— И ты считаешь, что здесь, в этих письмах, есть метафоры? — спросил Схимник, поспешно возвращая Виту с тропинки отвлеченных рассуждений обратно на трассу сути.
— Да. вначале я подумала, что в каждое письмо были с какой-то целью, а может и без нее, выписаны метафоры, но не языковые, которые расшифровываются автоматически, легко, без широкого контекста, как, например, «озеро огней» или «мертвые слова», а художественные, авторские, которые воспринимаются только в широком контексте — без него они умирают, превращаются в бессмысленный набор слов или возвращаются к прямому значению. Если я скажу тебе: «протянулись полосы запекшейся крови и сукровицы», ты поймешь это буквально, а если скажу: «От шара, с трудом сияющего сквозь завесу облаков, мерно и далеко протянулись полосы запекшейся крови и сукровицы»[5] — ты поймешь, что речь идет о солнечных лучах… Собственно контекст для таких метафор — это ее содержимое, семантическая субстанция. А тут словно взяли несколько художественных метафор, порубили на куски и высыпали на бумагу… что-то угадывается, но общего смысла нет ни в одном…

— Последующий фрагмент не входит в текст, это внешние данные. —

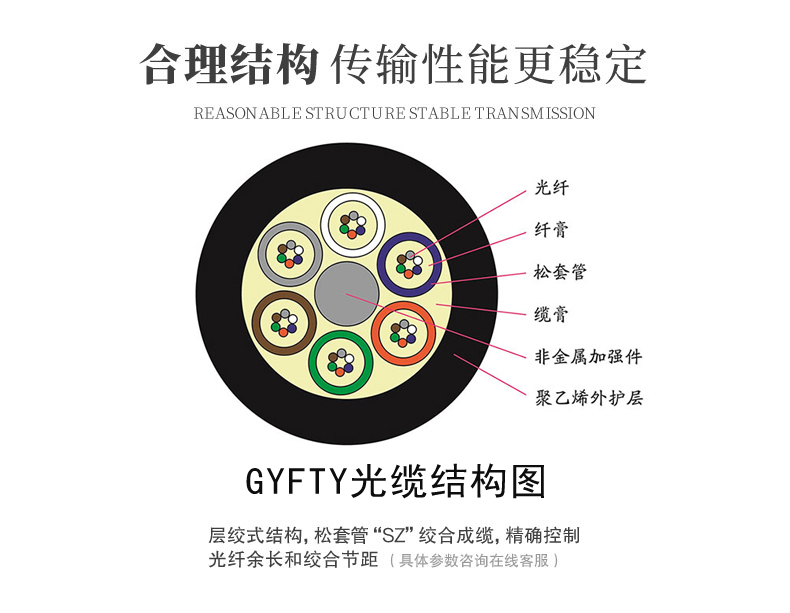产品描述:适用范围 适用于长强电区长途通信、高压电力线平行区间或易受强电磁、雷击危害场所和局间通信。 适用于架空或管道敷设。 技术特征: 合理的设计、独特的工艺控制和优质的材料选配,使光缆具有优异的机械化性能和环境性能。 尺寸小、重量轻、抗弯曲性能和柔韧性能优越,敷设方便。 非金属加强件有效抵抗电磁干扰。

— И что с того. Метафорами ведь нельзя убить — хоть рубленными, хоть какими. Так или иначе, это просто слова на бумаге, всего лишь слова.
— А я вначале и не думала списывать на них чью-то смерть. Мне казалось, что это какое-то послание, предупреждение — что-то в этом роде, и пыталась его расшифровать. Немного получилось, но только кусочки, и то нельзя было утверждать наверняка — слишком много вариантов и все расплывчатые. Потом я прочла папку Колодицкой и задумалась, а когда увидела Элину… — Вита судорожно сглотнула, — и то письмо… я ведь прочла его сразу же… после того, как… Но со мной ничего не произошло, понимаешь, и я подумала…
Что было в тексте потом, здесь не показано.